In Egypt, Islamist parties — considerably more conservative than those in Tunisia — have shown much less reticence. Aleem, the head of the education committee in the Egyptian parliament, is a member of the Nour Party, a new and very conservative Islamist party that won about a quarter of parliament’s seats and that — along with the Muslim Brotherhood’s Freedom and Justice Party — forms an Islamist supermajority. The Nour Party has already voiced its interest in running the Education Ministry. But some liberals are concerned by the suggestion, in the party’s platform, that Egyptian authorities should "revise the curriculum so that it suits and supports the morals and values of Egyptian society, and remove all that contradicts true Islam." The platform calls for establishing separate, extra classes for girls — what it calls an "additional high-quality educational program that is appropriate for her nature and role and the duty that God has set her" — as well as for keeping "women’s special nature in mind when devising curricula and teaching methods, and acknowledg[ing] that what suits men does not always suit women."
Liberal Egyptian newspapers allege that Islamists intend to mandate the headscarf for schoolgirls and segregate classes — a charge Aleem denies. "We haven’t talked about any of these things," he says. The committee, he notes, is holding hearings with educational experts and planning trips to Turkey and Malaysia — two often invoked models of Islamist success — to study their education systems.
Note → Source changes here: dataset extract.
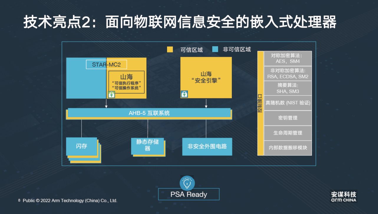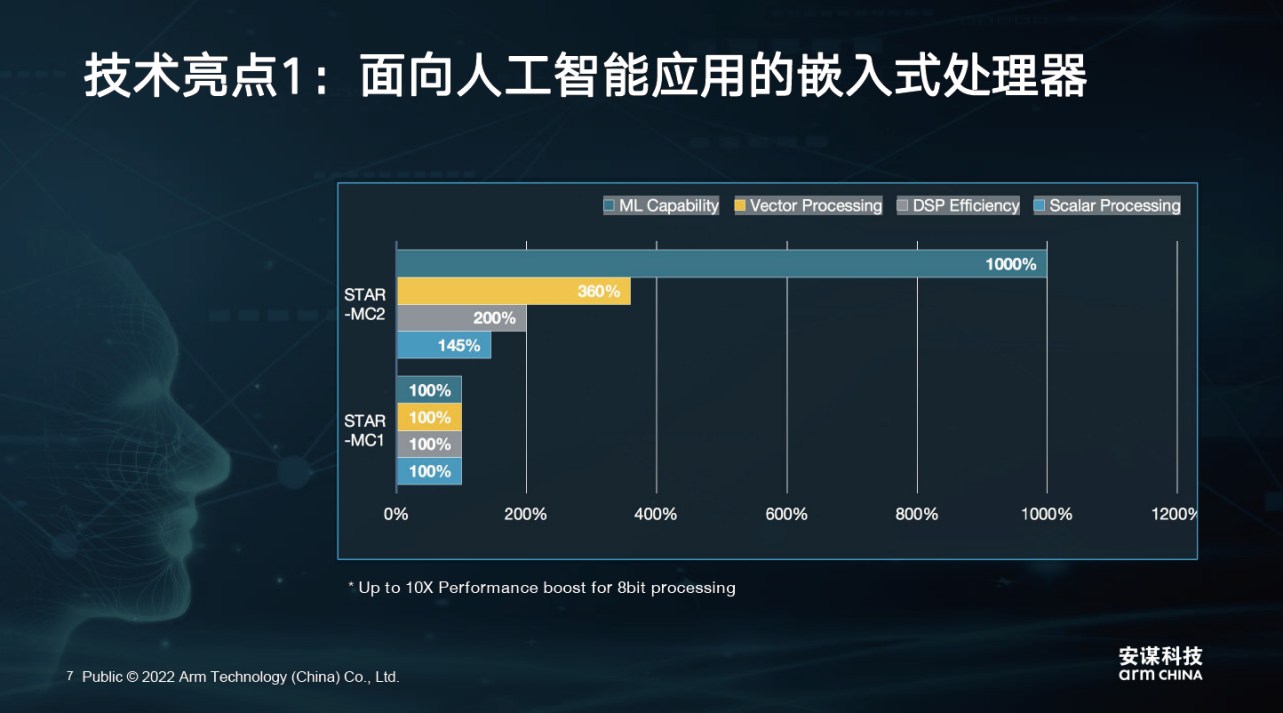 基于上述種種技術(shù)創(chuàng)新,STAR-MC2帶來了幾大優(yōu)勢。首先STAR MC-2是第一款支持8-Bit計(jì)算的處理器,它的AI處理能力提升了9倍,因此更適用于一些輕量級(jí)的AI應(yīng)用計(jì)算場景。在安全方面,STAR-MC2支持Arm主推的PSA-Ready,與 “山海”解決方案相配合,可以提供一個(gè)完整的物聯(lián)網(wǎng)安全解決方案。另一個(gè)關(guān)鍵的技術(shù)亮點(diǎn)在于,STAR-MC2支持最高級(jí)別的車規(guī)功能安全,安謀科技不僅僅給客戶提供包含RTL的傳統(tǒng)處理器IP,也會(huì)為給客戶提供一個(gè)包含所有必要數(shù)據(jù)的功能安全包,以確保客戶可滿足最高車規(guī)級(jí)新品的功能安全要求。

And when a Nour member recently criticized early English-language classes in Egyptian schools — calling them a plan to make "our children … culturally Westernized" — the party condemned his remarks. "English is a necessary skill," Aleem says. "We want to teach many languages."
He insists that the Nour Party’s top priority, shared by Islamists and more secular Egyptians alike, is to move Egypt’s ailing education system forward — not to get caught up in fights along the way, whether about foreign languages or Mubarak’s legacy. "We’re concerned with the big issues," he promises.